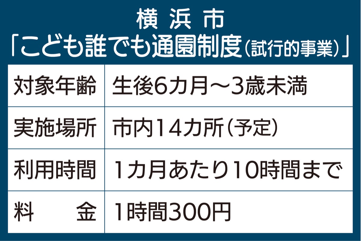 横浜市は、親が働いていなくても保育所などに子どもを預けられる「こども誰でも通園制度」の試行的事業を6月下旬から始める。21日以降に利用者の募集を順次開始。市は利用者の条件を「定期利用」に限定し、未就園児家庭の社会的孤立や育児負担軽減につなげていく。
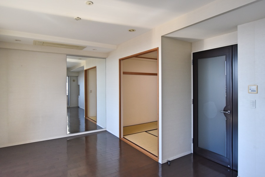 既存は洋室2室、和室1室+LDKの3LDKで、LDKに6畳の和室が接しているプランです。和室がLDKに出っ張ってきていてリビングが少し手狭でした。築18年のマンションですので、やはり設備関係は結構劣化していました。
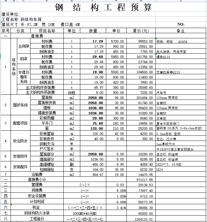 第四步,全部材料统计完成以后就可以计算出材料费、工厂制作费、安装费、油漆费、运费等,再加上其它的间接费就组成了钢结构预算清单。
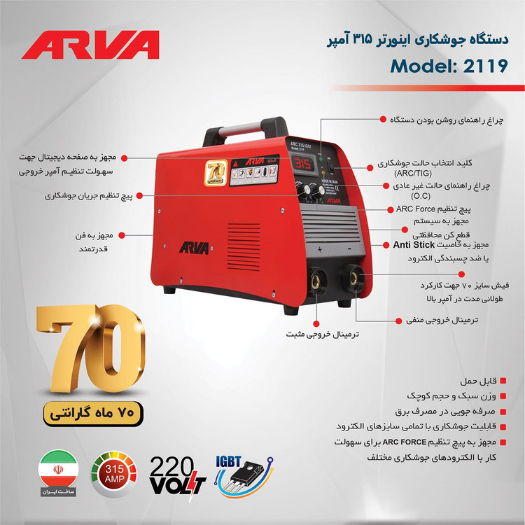 اینورتر جوشکاری ۳۱۵ آمپر IGBT مدل ۲۱۱۹ آروا
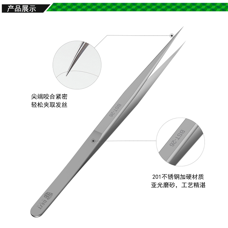? 產品名稱: 亞光鑷子 不銹鋼鑷子? 產品型號: BST-26? 產品類別: 鑷子系列
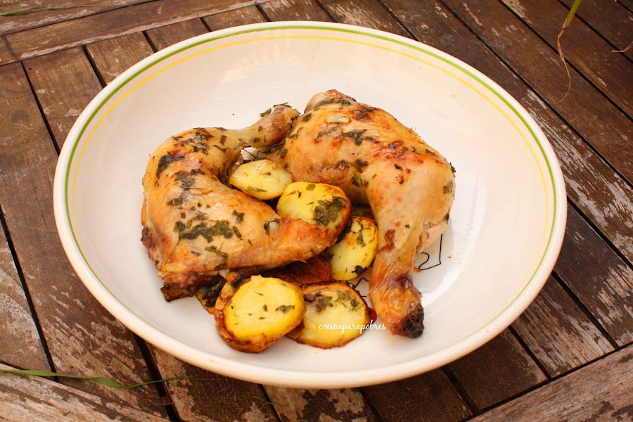 Una vez el pollo tengo color tostado, aproximadamente a los 25 minutos, le damos la vuelta y dejamos hasta que tome también color.

##########

WHAT YOU NEED TO DO:
Exactly restate the lines from the one holding "اینورتر جوشکاری ۳۱۵ آمپر IGBT مدل ۲۱۱۹ آروا" to the final line of the records above, including both and excluding pictures.

TASK RESPONSE:
 اینورتر جوشکاری ۳۱۵ آمپر IGBT مدل ۲۱۱۹ آروا
? 產品名稱: 亞光鑷子 不銹鋼鑷子? 產品型號: BST-26? 產品類別: 鑷子系列
 Una vez el pollo tengo color tostado, aproximadamente a los 25 minutos, le damos la vuelta y dejamos hasta que tome también color.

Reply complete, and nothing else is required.